The OSIRIS-Rex mission team selected the site designated "Nightingale" - located in a crater high in Bennu's northern hemisphere.
Since its arrival in December 2018, the OSIRIS-REx spacecraft has mapped the entire asteroid in order to identify the safest and most accessible spots for the spacecraft to collect a sample.
The team spent the past several months evaluating close-range data from four candidate sites in order to identify the best option for the sample collection, NASA said in a statement on Thursday.
"After thoroughly evaluating all four candidate sites, we made our final decision based on which site has the greatest amount of fine-grained material and how easily the spacecraft can access that material while keeping the spacecraft safe," said Dante Lauretta, OSIRIS-REx principal investigator at the University of Arizona in Tucson.
The site Nightingale is located in a northern crater 460 feet wide.

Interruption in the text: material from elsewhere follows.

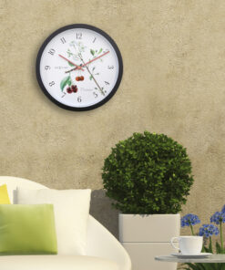 DeNeXtime NE-4314 buitenklok Prunus is niet alleen functioneel maar ook een feestje om naar te kijken. De witte wijzerplaat is voorzien van een vintage aquarel illustratie van kersenbloesems, die vitaliteit en kracht van de natuur symboliseren. Het gebruik van extra rubberen ringen om te voorkomen dat het water de kwetsbare delen van de klok bereikt, maakt deze klok bijzonder en weerbestendig. De klok is geschikt voor zowel binnen als buiten en werkt op 1x AA-batterij (niet inbegrepen). Kleur: zwart/wit. Diameter: 30, 5 cm.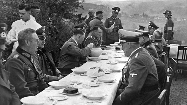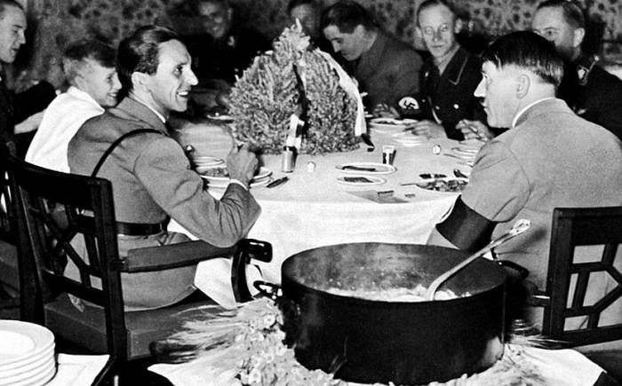 Las mujeres que trabajan cercanas a Hitler, incluyendo Margot, han asegurado que él era vegetariano pues dejó de comer carne después de visitar un matadero porque la carne le recordaba cómo chapoteaban sus chanclos en la sangre fresca. También era muy goloso y de vez en cuando se daba auténticos atracones de chocolate a pesar de tener problemas intestinales. Pero luego se ponía a dieta severa, ayunaba, y en una semana perdía un montón de kilos.

Nightingale's regolith - or rocky surface material - is dark, and images show that the crater is relatively smooth.
Because it is located so far north, temperatures in the region are lower than elsewhere on the asteroid and the surface material is well-preserved.
The crater also is thought to be relatively young, and the regolith is freshly exposed.
This means the site would likely allow for a pristine sample of the asteroid, giving the team insight into Bennu's history.
The mission has also selected site Osprey as a backup sample collection site. The spacecraft has the capability to perform multiple sampling attempts, but any significant disturbance to Nightingale's surface would make it difficult to collect a sample from that area on a later attempt, making a backup site necessary.
In any situation where a follow-on attempt at Nightingale is not possible, the team will try to collect a sample from site Osprey instead.
"The team has adapted by employing a more accurate, though more complex, optical navigation technique to be able to get into these small areas. We'll also arm OSIRIS-REx with the capability to recognize if it is on course to touch a hazard within or adjacent to the site and wave-off before that happens," said Rich Burns, OSIRIS-REx project manager at NASA's Goddard Space Flight Center.
OSIRIS-REx sample collection is scheduled for the latter half of 2020, and the spacecraft will return the asteroid samples to Earth on September 24, 2023.